Но материальный эффект запретительного декрета был ужасен. Он прозвучал символом безусловной и безнадежной безработицы. Приказом:
– Литературная братия! Ты не должна больше существовать. Коммунистическое государство объявляет тебя ненужной и вредной. А потому – ложись и умирай голодной смертью.

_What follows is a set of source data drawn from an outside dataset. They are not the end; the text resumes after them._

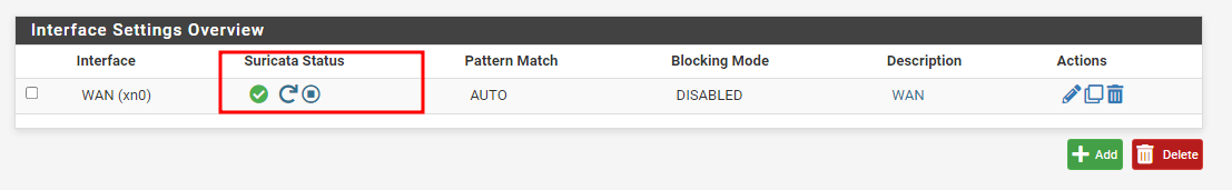 일단 인터페이스는 default로 구성후 생성, suricata status의 버튼으로 해당 인터페이스를 on/off 시킬 수 있다.
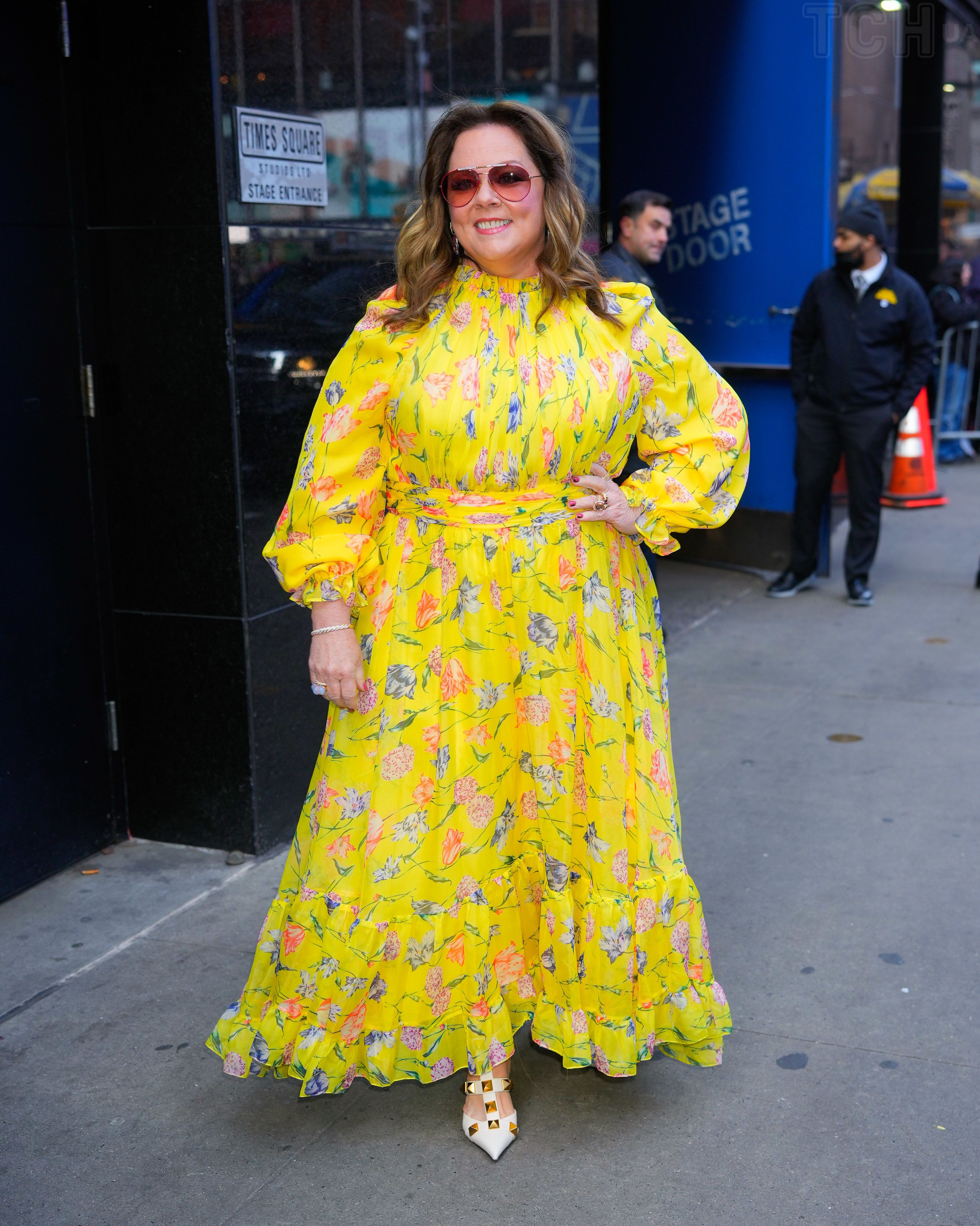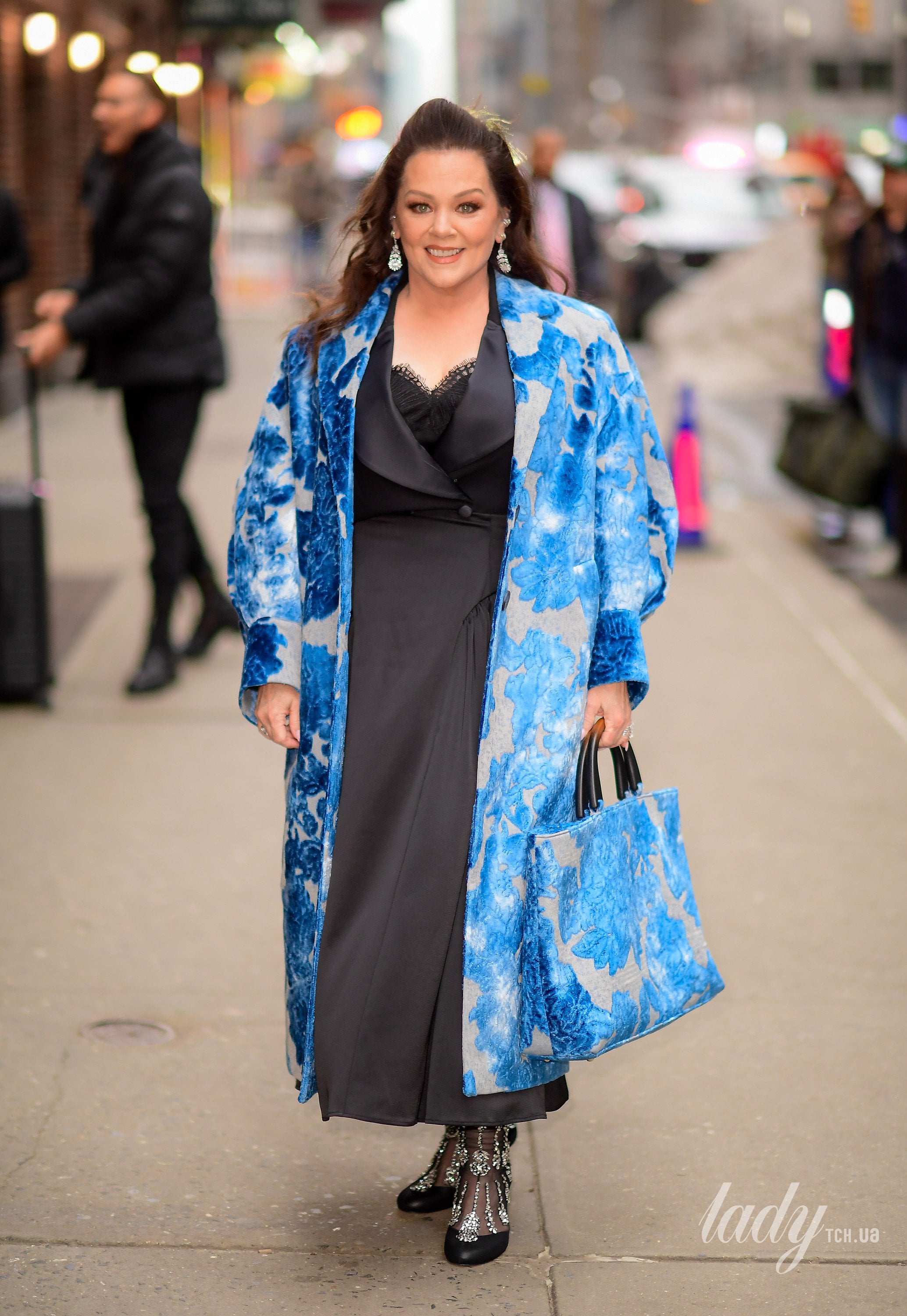 55-річна акторка Мелісса Маккарті була приголомшливою, коли її сфотографували папараці у Нью-Йорку. Зірка йшла на інтерв’ю на Late Show with Stephen Colbert у чорній сукні-жакеті з атласної тканини, яку прикрашав ґудзик і мереживо в зоні грудей.
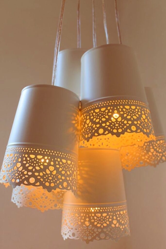 These lace-cut cup shades offer a warm, artistic glow that works wonderfully over dining tables or hallway nooks.
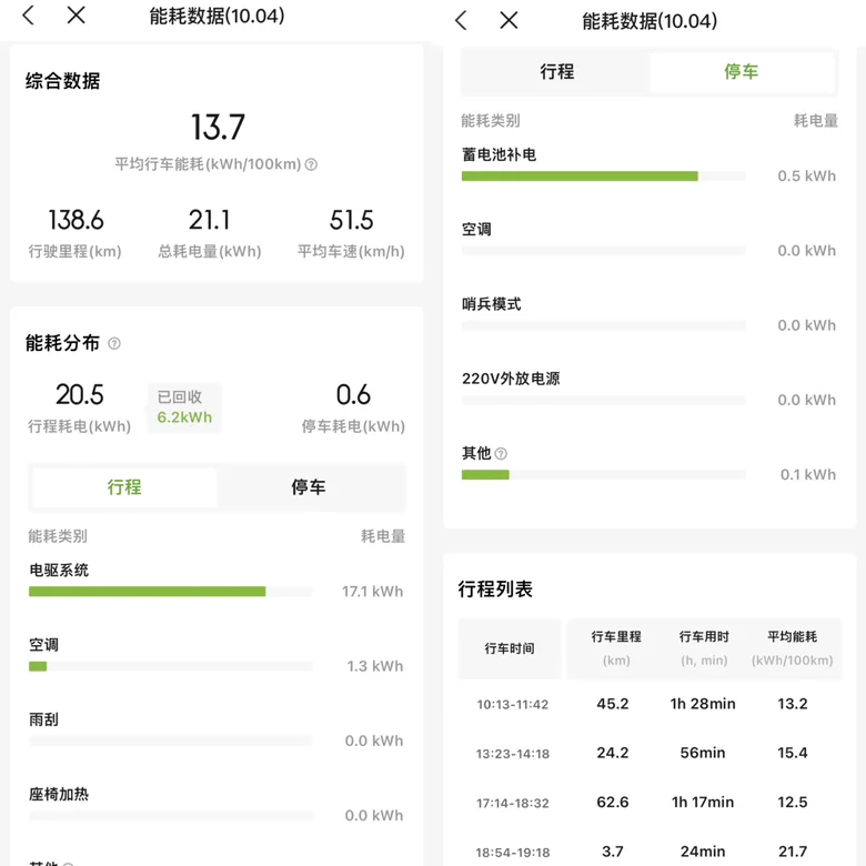 受台风影响,🌧️雨天都占据了近两日假期,虽然秋高气爽,但是我的胖虎能耗在10月4日这一天平均百公里也达到了13.7kwh。不仅如此在小鹏汽车APP能耗数据页面都能清晰查看各项能耗消耗类别,而且在能耗分布上,最需要夸夸的就是鹏厂的三电技术,还能电能回收♻️6.2kwh,真的好酷!
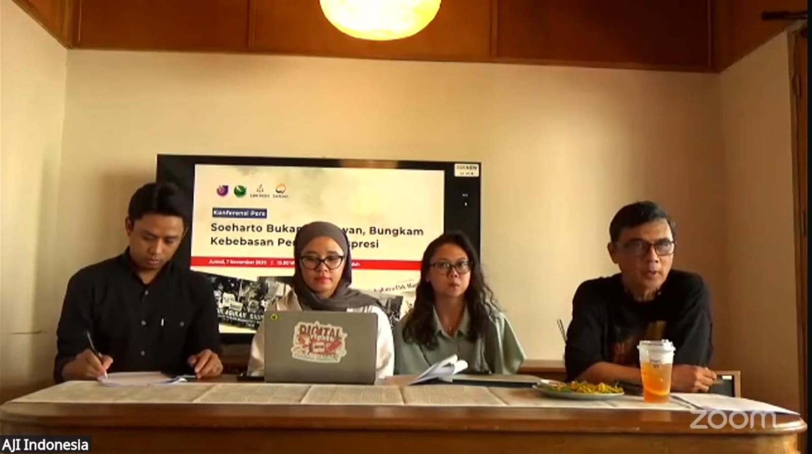Konferensi pers bertema “Soeharto Bukan Pahlawan: Bungkam Kebebasan Pers dan Ekspresi” menegaskan sikap penolakan organisasi masyarakat sipil terhadap rencana pengusulan Soeharto sebagai Pahlawan Nasional.
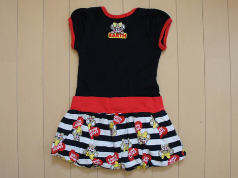 [m] アースマジック earth magic アウトレット 子供服 女の子 100cm 半袖 ワンピース 黒 赤 マフィーちゃん 春 夏 ★4 ガールズ 女児 キッズ 【中古】 ユーズド リサイクル 古着 子ども服 こども

Спастись от таковой можно было, только бросившись к ногам большевиков. Кое-кто из литературной мелочи так и поступил. Из крупных писателей – лишь один: старый, маститый перевертень Иероним Ясинский – закоренелая в продажности сабля, о которой можно сказать древнею русской пословицею, что она служила в семи ордах семи царям. Он припал к стопам победителей немедленно после Октябрьской революции, чуть ли не опередив в том даже пресловутого коленопреклонения то пред сим, то пред оным режимом певца Шаляпина. За что и был награжден от комиссара Луначарского восторженным титулом «Симеона Богоприимца, вышедшего во спасение новорожденному Христу революции». Но, к чести петроградской литературы и журналистики, необходимо отметить, что пример г. Ясинского остался тогда без подражателей и последователей. Сейчас, после четырехлетней голодовки, многие приманились хлебами большевиков и застрочили хвалы им в заграничных рептилиях Кремля и Смольного. Но в 1918 году гг. Адрианов, Ашешов, Муйжель, Тан и другие вновь приобретенные чемпионы советской публицистики плюнули бы в глаза тому, кто осмелился бы предсказать им, что в 1921 году они сделаются придворными певцами славы Ленина, Троцкого и Зиновьева и яростными патриотами РСФСР. Более того: я уверен, что в то раннее время о верноподданнической присяге большевикам еще не помышляли даже такие «переметные сумы», как профессор Гредескул и сам себя возведший в профессора библиограф Лемке, первые пташки, перепорхнувшие из петроградской голодной журналистики к лакомым крошкам, обильно роняемым со стола ликующей Петрокоммуны.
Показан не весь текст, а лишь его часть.